Data items
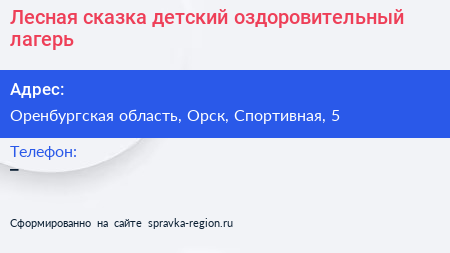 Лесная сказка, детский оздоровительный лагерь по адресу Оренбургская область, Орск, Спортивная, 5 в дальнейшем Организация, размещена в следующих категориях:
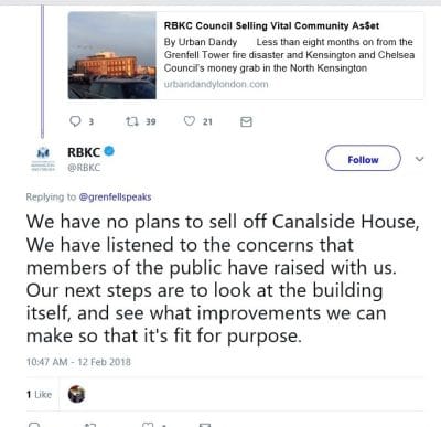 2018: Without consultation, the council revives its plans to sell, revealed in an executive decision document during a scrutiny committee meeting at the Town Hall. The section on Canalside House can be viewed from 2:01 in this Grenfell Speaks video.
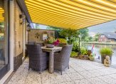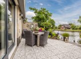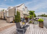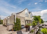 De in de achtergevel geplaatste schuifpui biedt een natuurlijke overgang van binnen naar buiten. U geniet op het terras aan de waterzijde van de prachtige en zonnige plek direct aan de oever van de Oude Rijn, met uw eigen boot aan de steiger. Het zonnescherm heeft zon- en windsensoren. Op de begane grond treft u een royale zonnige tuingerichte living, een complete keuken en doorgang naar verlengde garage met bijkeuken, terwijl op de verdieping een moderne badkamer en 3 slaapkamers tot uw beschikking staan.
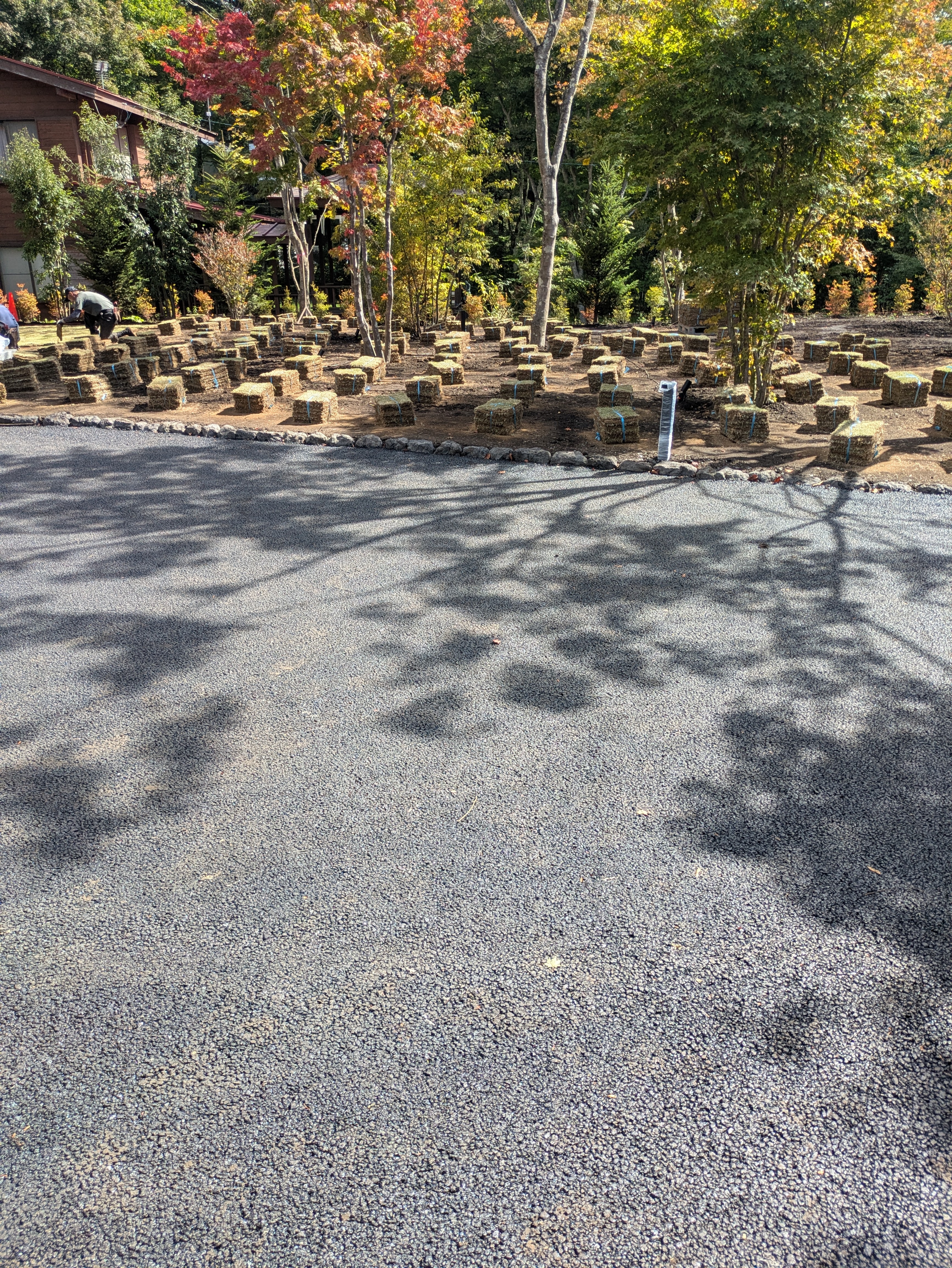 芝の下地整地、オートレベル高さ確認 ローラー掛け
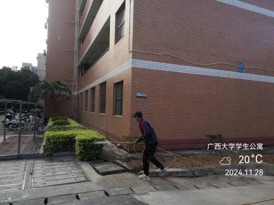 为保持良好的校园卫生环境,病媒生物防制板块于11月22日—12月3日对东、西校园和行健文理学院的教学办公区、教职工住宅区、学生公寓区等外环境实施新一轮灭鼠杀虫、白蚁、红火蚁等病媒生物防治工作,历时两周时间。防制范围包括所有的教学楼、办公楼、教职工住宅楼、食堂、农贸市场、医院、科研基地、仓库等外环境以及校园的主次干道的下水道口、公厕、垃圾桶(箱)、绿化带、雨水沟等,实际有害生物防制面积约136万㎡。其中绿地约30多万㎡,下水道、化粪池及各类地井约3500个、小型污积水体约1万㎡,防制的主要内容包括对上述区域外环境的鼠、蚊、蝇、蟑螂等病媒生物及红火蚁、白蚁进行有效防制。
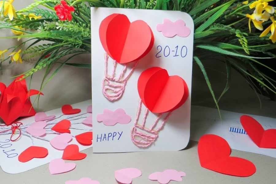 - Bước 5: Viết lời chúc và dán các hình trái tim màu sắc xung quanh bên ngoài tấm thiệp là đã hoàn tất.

- Task to carry out: Give again, exactly as written, the lines from the one with "为保持良好的校园卫生环境,病" through the last line of the entries above, but skip the pictures.

- Written solution:
 为保持良好的校园卫生环境,病媒生物防制板块于11月22日—12月3日对东、西校园和行健文理学院的教学办公区、教职工住宅区、学生公寓区等外环境实施新一轮灭鼠杀虫、白蚁、红火蚁等病媒生物防治工作,历时两周时间。防制范围包括所有的教学楼、办公楼、教职工住宅楼、食堂、农贸市场、医院、科研基地、仓库等外环境以及校园的主次干道的下水道口、公厕、垃圾桶(箱)、绿化带、雨水沟等,实际有害生物防制面积约136万㎡。其中绿地约30多万㎡,下水道、化粪池及各类地井约3500个、小型污积水体约1万㎡,防制的主要内容包括对上述区域外环境的鼠、蚊、蝇、蟑螂等病媒生物及红火蚁、白蚁进行有效防制。
 - Bước 5: Viết lời chúc và dán các hình trái tim màu sắc xung quanh bên ngoài tấm thiệp là đã hoàn tất.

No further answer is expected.